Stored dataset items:
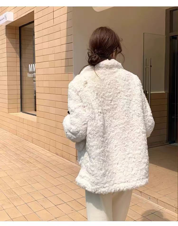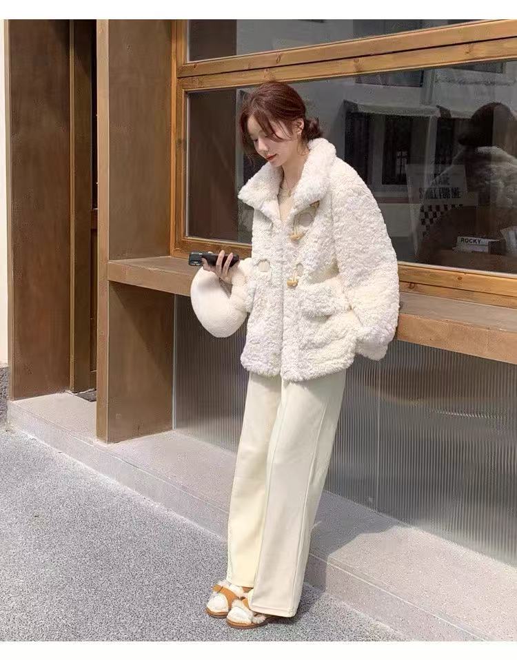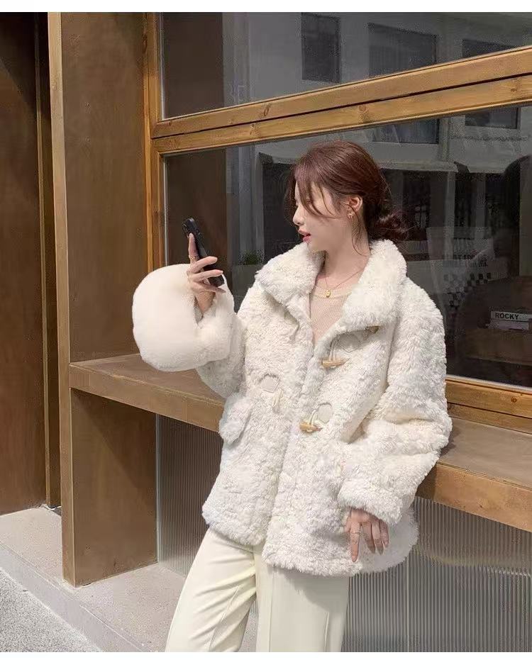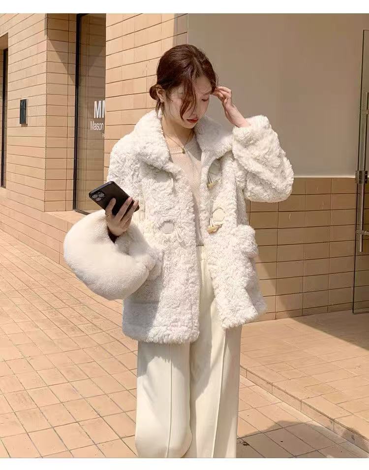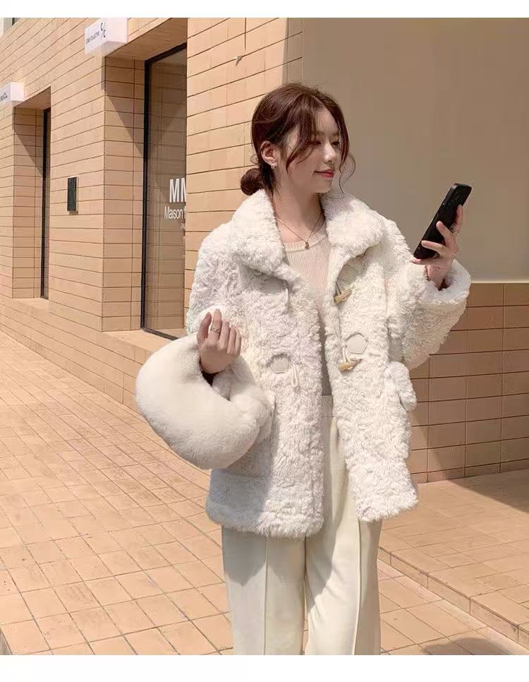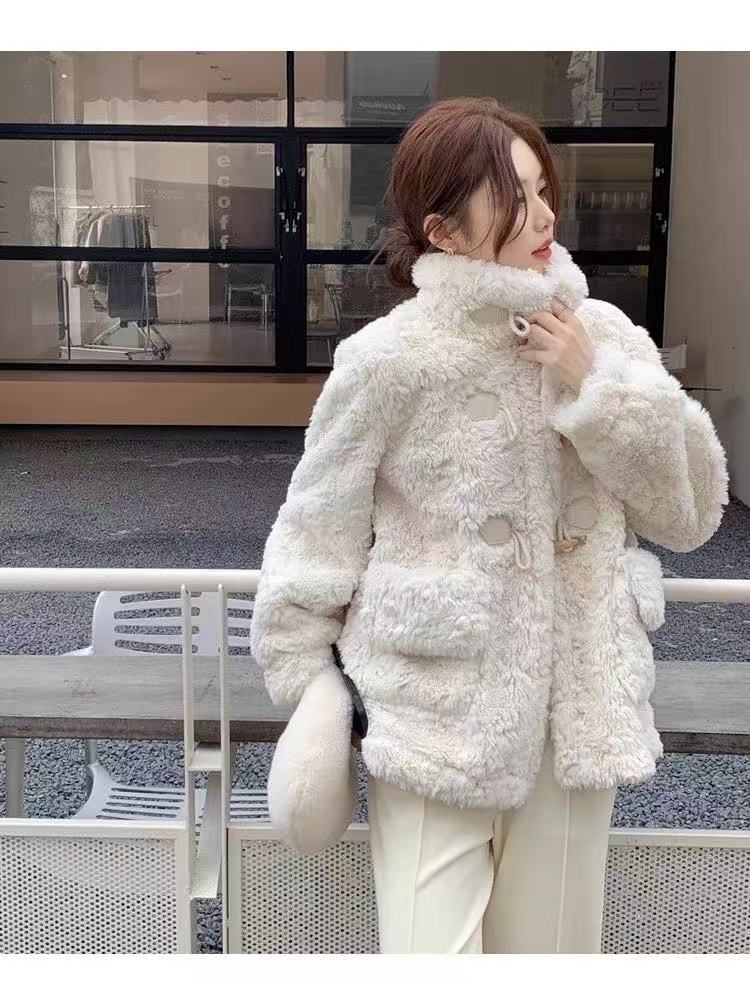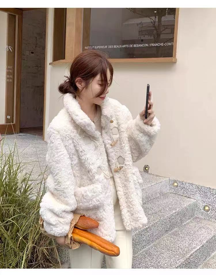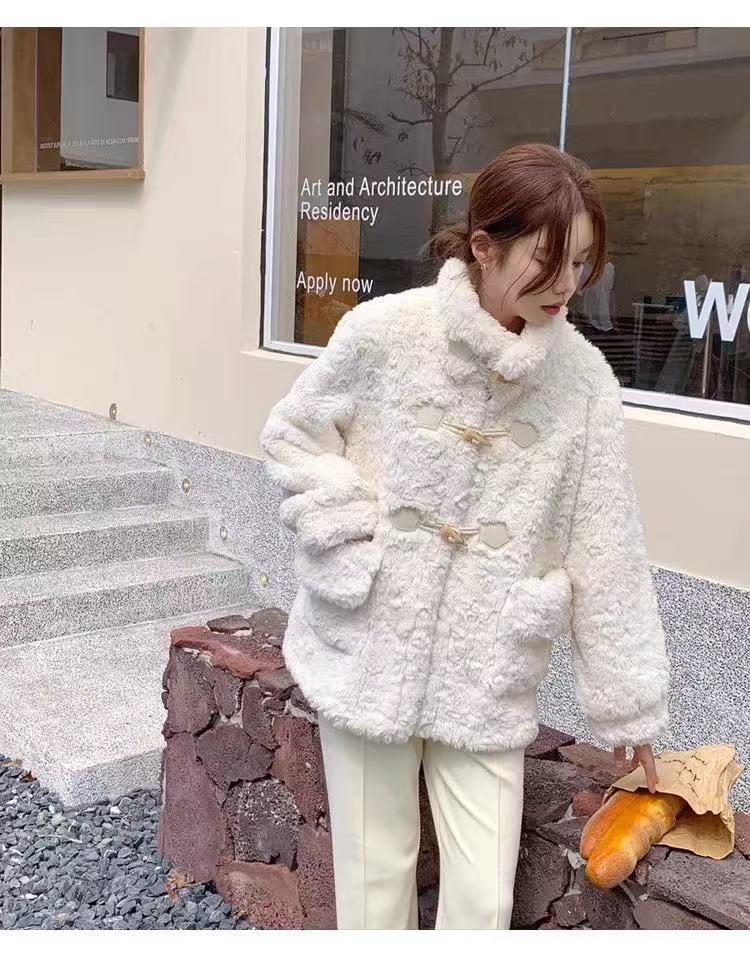【环保皮草】P05牛角扣皮毛一体秋冬大衣外套-喜出
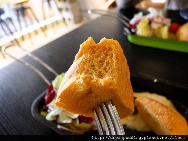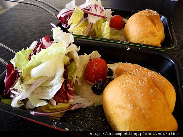 麵包球跟沙拉,沙拉醬微甜潤,麵包球上面撒了起士粉,自然的微鹹,蓬鬆帶點微軟,蠻好吃的。
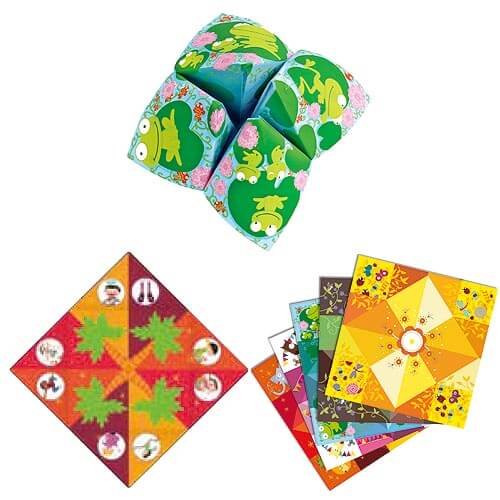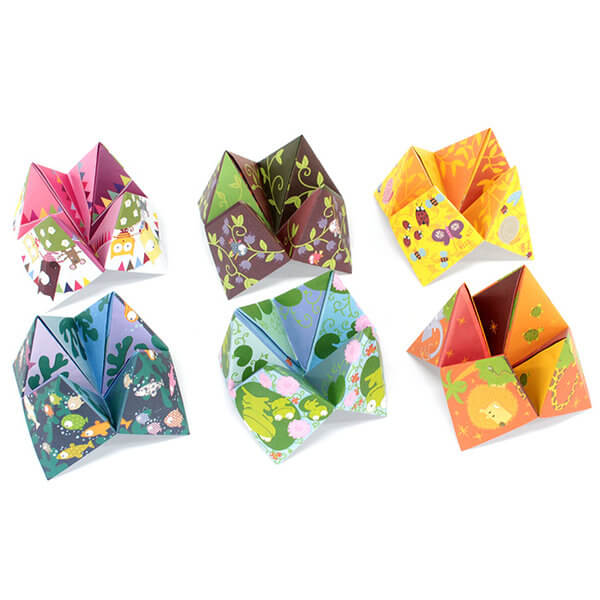 Este lindo pacote de papel de origami brilhante é uma ótima introdução para este ofício. A embalagem contém 24 folhas de papel e 3 folhas de adesivos;. Quando o pássaro de papel estiver dobrado, escolha 8 desafios e cole-os no papel. Insira os polegares e os dedos indicadores de cada mão sob o papel. Você está pronto para desafiar seus amigos. Peça a um amigo que forneça um número e veja o desafio que ele precisa fazer. Muito divertido para toda a família.
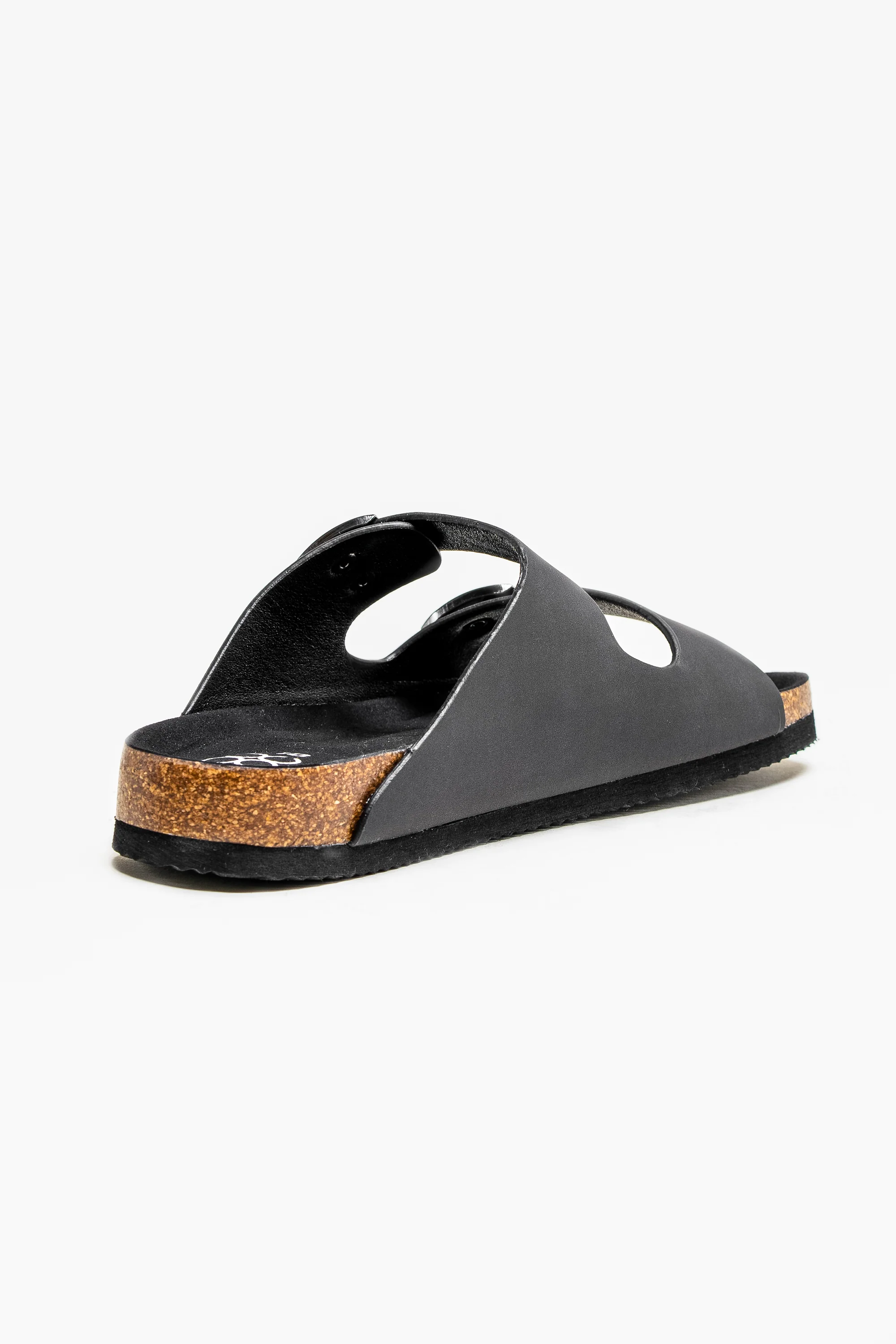 Men's Buckle-Strap Cork Slider Sandals - DAYTONA - Black
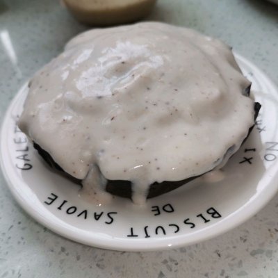 步骤11、制作酸奶酱:用大约100g的无糖酸奶+一点咖啡粉或者可可粉搅匀
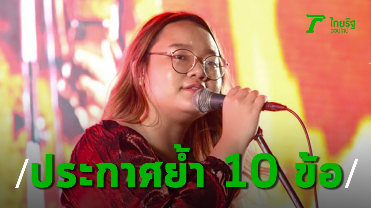 ล่วงเข้าสู่วันใหม่ “รุ้ง ปนัสยา” แกนนำหลักของกลุ่มแนวร่วมธรรมศาสตร์และการชุมนุม ขึ้นเวทีสนามหลวงปราศรัยย้ำจุดยืน 10 ข้อเรียกร้องปฏิรูปสถาบัน
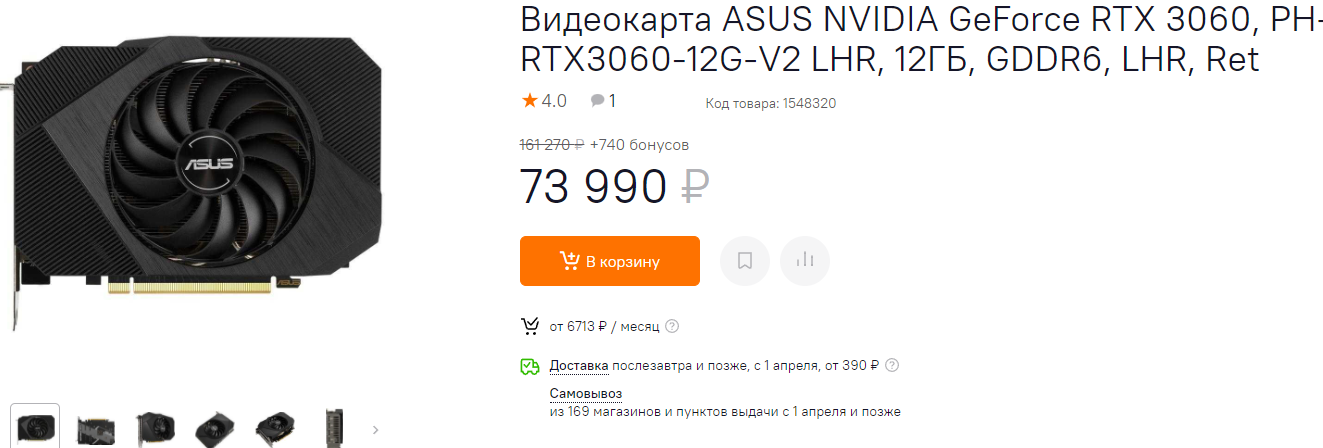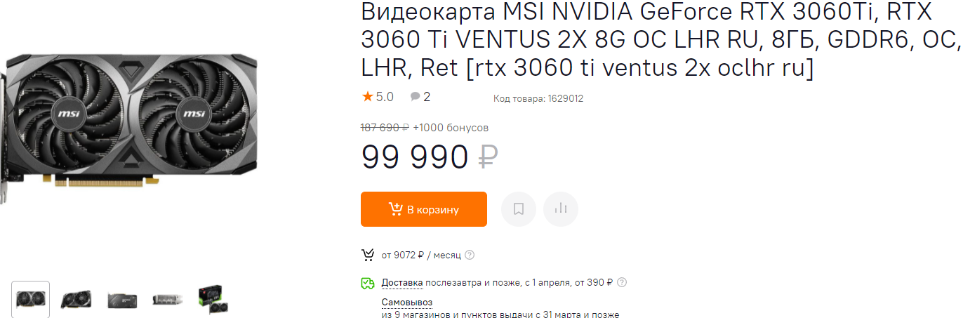 Ощутимо дешевле GeForce RTX 3060. На самом деле это прекрасная видеокарта, способная много лет подряд радовать любителей компьютерных игр высокими настройками в разрешении 2К. В некоторых случаях разрешение можно будет даже поднять до 4К, но здесь придётся сильно снижать качество картинки.

ABOUT THIS EXERCISE:
Exactly as written, print each entry, leaving all pictures out.

COMPLETED TASK:
【环保皮草】P05牛角扣皮毛一体秋冬大衣外套-喜出
 麵包球跟沙拉,沙拉醬微甜潤,麵包球上面撒了起士粉,自然的微鹹,蓬鬆帶點微軟,蠻好吃的。
 Este lindo pacote de papel de origami brilhante é uma ótima introdução para este ofício. A embalagem contém 24 folhas de papel e 3 folhas de adesivos;. Quando o pássaro de papel estiver dobrado, escolha 8 desafios e cole-os no papel. Insira os polegares e os dedos indicadores de cada mão sob o papel. Você está pronto para desafiar seus amigos. Peça a um amigo que forneça um número e veja o desafio que ele precisa fazer. Muito divertido para toda a família.
 Men's Buckle-Strap Cork Slider Sandals - DAYTONA - Black
 步骤11、制作酸奶酱:用大约100g的无糖酸奶+一点咖啡粉或者可可粉搅匀
 ล่วงเข้าสู่วันใหม่ “รุ้ง ปนัสยา” แกนนำหลักของกลุ่มแนวร่วมธรรมศาสตร์และการชุมนุม ขึ้นเวทีสนามหลวงปราศรัยย้ำจุดยืน 10 ข้อเรียกร้องปฏิรูปสถาบัน
 Ощутимо дешевле GeForce RTX 3060. На самом деле это прекрасная видеокарта, способная много лет подряд радовать любителей компьютерных игр высокими настройками в разрешении 2К. В некоторых случаях разрешение можно будет даже поднять до 4К, но здесь придётся сильно снижать качество картинки.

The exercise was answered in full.